+++ Data for analysis

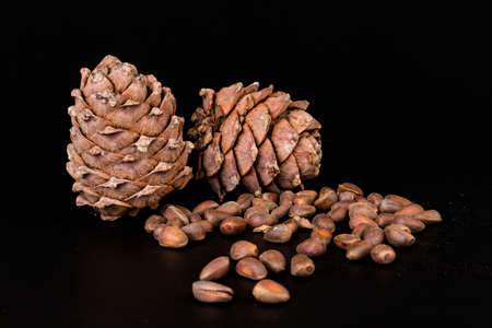 Cedar nuts in the shell with unopened cones isolated on the black background
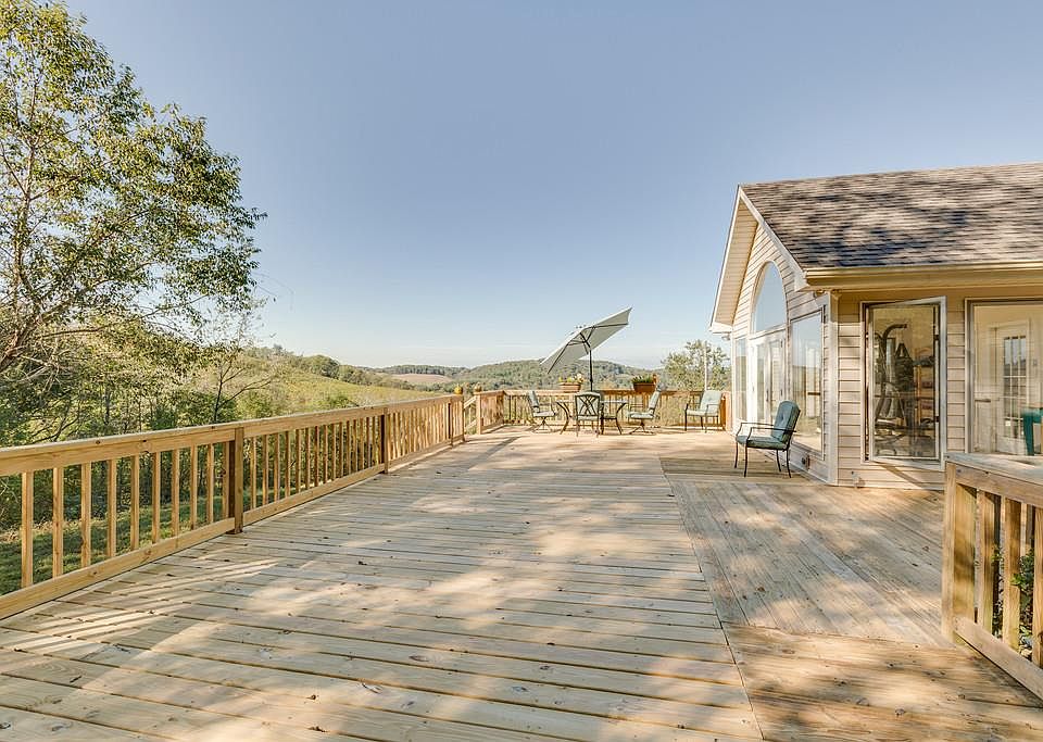 Beautiful horse farm * 6 stall barn with 1 bedroom apartment * pasture has a creek * home sits on hilltop with fabulous views from every window * open and spacious * split bedroom plan * new hardwood floors * sunroom opens up to large new deck great for entertaining * 2 septics * 3 water taps * riding arena
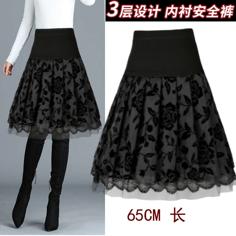 Rok panjang setengah elastis pinggang tinggi, rok pelangsing lurus lubang tebal ukuran plus musim gugur dan musim dingin 63160
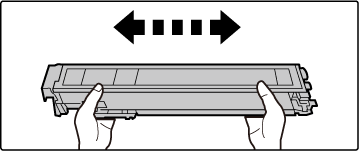 Wyjmij nową kasetę z tonerem z opakowania i potrząśnij nią pięć lub sześć razy, trzymając ją poziomo.
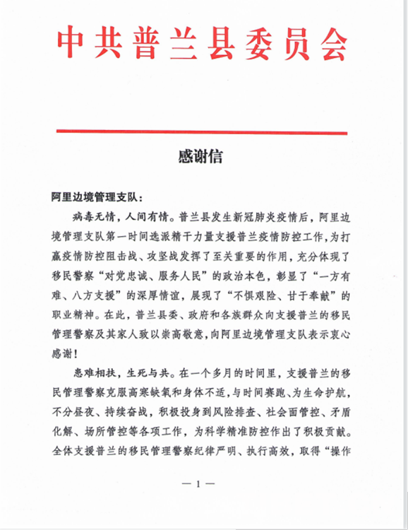 中國西藏網(wǎng)訊 “普蘭縣發(fā)生新冠肺炎疫情后,阿里邊境管理支隊第一時間選派精干力量支援普蘭疫情防控工作,為打贏疫情防控阻擊戰(zhàn)、攻堅戰(zhàn)發(fā)揮了至關重要的作用?!?0月2日,西藏自治區(qū)阿里邊境管理支隊收到一封來自阿里地區(qū)普蘭縣委的感謝信。信中對阿里邊境管理支隊戰(zhàn)“疫”一線民警在一個多月的疫情防控工作中,克服困難、勇于擔當、不分晝夜、持續(xù)奮戰(zhàn)的抗疫工作表達了感謝,給予了肯定。
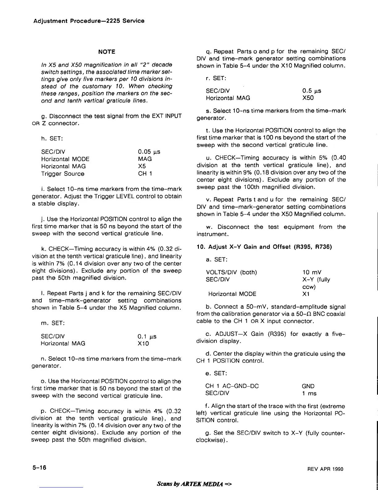 g. Set the SECIDIV switch to X-Y (fully counter-
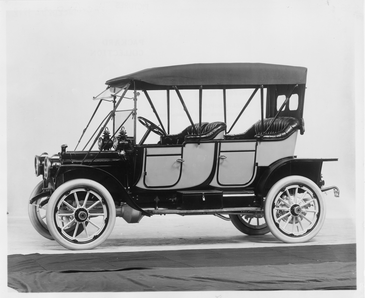 Favorite this☆ 1912 Packard 18 Model NE close-coupled, left side Description: Print copied from a glass negative of a 1912 Packard 18 Model NE left side, top raised. Inscribed on photo back: "4-cylinder, 26-horsepower, 112-inch wheelbase, close-coupled, fitted with Packard storm-tilt windshield, & standard top." Details Resource ID: EB01c428 Creator: Packard Motor Car Company Subject: Packard automobile Photographic prints Date Issued: 1912 Format: 1 photographic print ; 8 x 10 in. Member of: National Automotive History Collection Packard Collection Rights: Physical rights are retained by DPL. Copyright is retained in accordance with U.S. copyright laws.

++++++

• **Aim of the task**
From the first line to the last, restate the entries exactly, without pictures.

• **Solution for this exercise**
 Cedar nuts in the shell with unopened cones isolated on the black background
 Beautiful horse farm * 6 stall barn with 1 bedroom apartment * pasture has a creek * home sits on hilltop with fabulous views from every window * open and spacious * split bedroom plan * new hardwood floors * sunroom opens up to large new deck great for entertaining * 2 septics * 3 water taps * riding arena
 Rok panjang setengah elastis pinggang tinggi, rok pelangsing lurus lubang tebal ukuran plus musim gugur dan musim dingin 63160
 Wyjmij nową kasetę z tonerem z opakowania i potrząśnij nią pięć lub sześć razy, trzymając ją poziomo.
 中國西藏網(wǎng)訊 “普蘭縣發(fā)生新冠肺炎疫情后,阿里邊境管理支隊第一時間選派精干力量支援普蘭疫情防控工作,為打贏疫情防控阻擊戰(zhàn)、攻堅戰(zhàn)發(fā)揮了至關重要的作用?!?0月2日,西藏自治區(qū)阿里邊境管理支隊收到一封來自阿里地區(qū)普蘭縣委的感謝信。信中對阿里邊境管理支隊戰(zhàn)“疫”一線民警在一個多月的疫情防控工作中,克服困難、勇于擔當、不分晝夜、持續(xù)奮戰(zhàn)的抗疫工作表達了感謝,給予了肯定。
 g. Set the SECIDIV switch to X-Y (fully counter-
 Favorite this☆ 1912 Packard 18 Model NE close-coupled, left side Description: Print copied from a glass negative of a 1912 Packard 18 Model NE left side, top raised. Inscribed on photo back: "4-cylinder, 26-horsepower, 112-inch wheelbase, close-coupled, fitted with Packard storm-tilt windshield, & standard top." Details Resource ID: EB01c428 Creator: Packard Motor Car Company Subject: Packard automobile Photographic prints Date Issued: 1912 Format: 1 photographic print ; 8 x 10 in. Member of: National Automotive History Collection Packard Collection Rights: Physical rights are retained by DPL. Copyright is retained in accordance with U.S. copyright laws.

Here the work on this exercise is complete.